Pizzazz
- Editor: Bobby Miller
- Categories: Pop culture, comics
- Frequency: Monthly
- Publisher: Marvel Comics
- First issue: October 1977
- Final issue: January 1979
- Country: United States
- Language: English

= Pizzazz (magazine) =

Magazine published by Marvel Comics

Pizzazz was a magazine published by Marvel Comics from 1977 to 1979, for a total run of 16 issues. Aimed at youth culture, Pizzazz mostly contained articles about popular movies, rock stars, et cetera, as well as comic strips and puzzles.

== Contents ==
Recurring features included a comic about Amy Carter's life as the President's daughter, a serialized Star Wars comic, and a one-page comic by Harvey Kurtzman (typically a "Hey Look!" piece done for the Marvel predecessor Timely Comics in the 1940s) on the last page. Regular columns included the reader dream-analyzing "Dream Dimensions" and the advice column "Dear Wendy". Once the magazine was established, a regular feature was a full-page illustration of some crowded scene in which the names of readers who had written letters to the magazine were hidden.

The covers showed either photos of popular celebrities, or photo-realistic drawings of celebrities and/or Marvel superheroes. Shaun Cassidy was featured on six covers, The Hulk appeared on five covers, Spider-Man on four, and Peter Frampton on three.

Topics mentioned in the magazine included (but were not limited to):
- The original Star Wars film
- Grease
- Meat Loaf
- The film Sgt.
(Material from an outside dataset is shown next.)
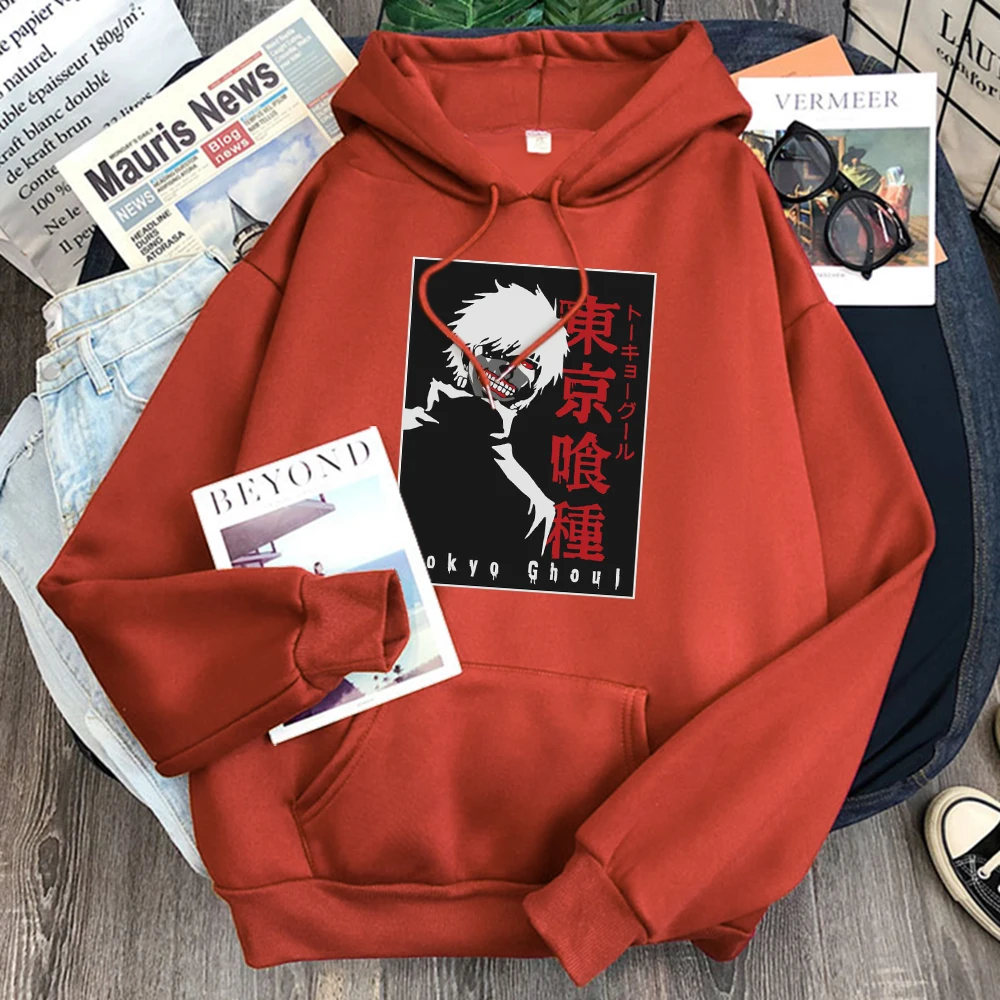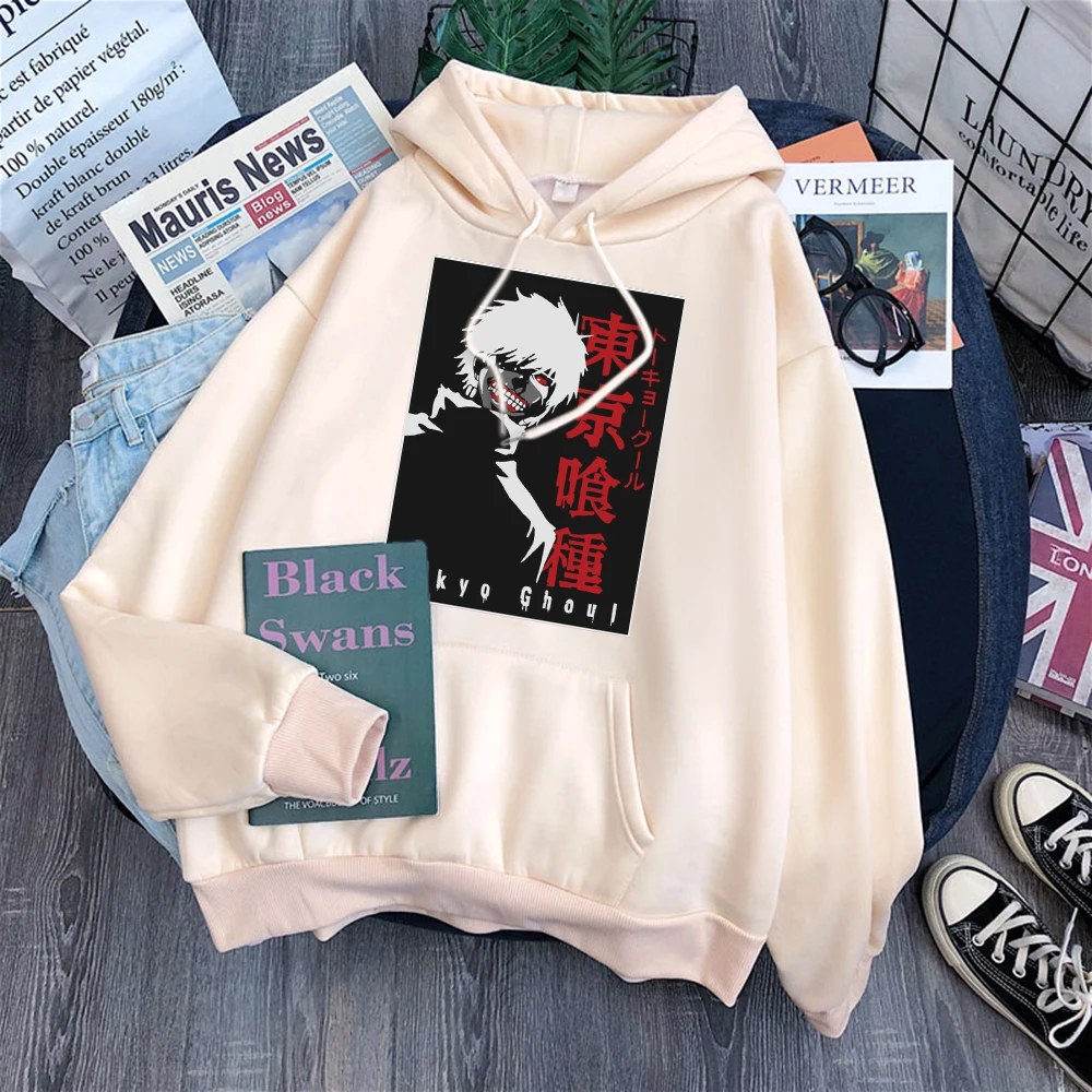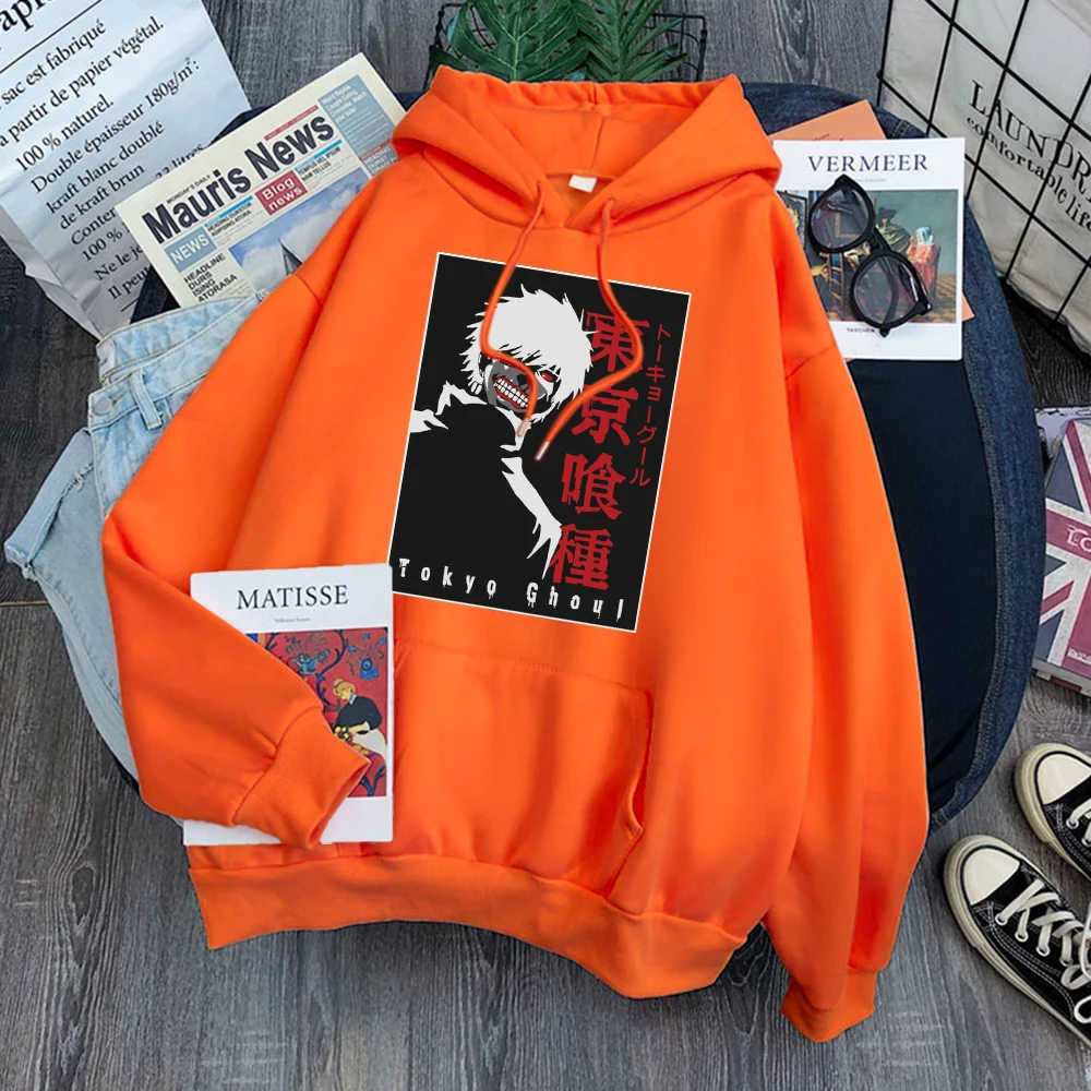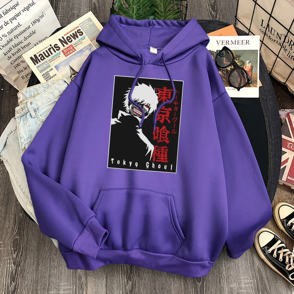 Толстовка мужская оверсайз с капюшоном, худи с аниме Токийский Гуль, с принтом, в стиле хип-хоп, флисовый свитшот с круглым вырезом в стиле Харадзюку, уличная одежда унисекс

Pepper's Lonely Hearts Club Band
- Battlestar Galactica
- Superman: The Movie

=== Serialized Star Wars stories ===
The 1977 installments of the serialized Star Wars comic featured in Pizzazz are the first original Star Wars stories not directly adapted from the films to appear in print form, preceding both the original stories in Marvel's Star Wars comic series and the 1978 novel Splinter of the Mind's Eye.

The first story arc, titled "The Keeper's World", was by Roy Thomas, Howard Chaykin, and Tony DeZuniga. It was later reprinted by Dark Horse Comics. The second story arc, entitled "The Kingdom of Ice", was by Archie Goodwin, Walt Simonson, Klaus Janson, Dave Cockrum, and John Tartaglione. The final two chapters were scheduled to be printed in issues #17 and #18, but the magazine was canceled after the 16th issue. These two chapters were printed, along with the rest of the story, by Marvel UK in their Star Wars Weekly comic, appearing in issue #60 in April 1979.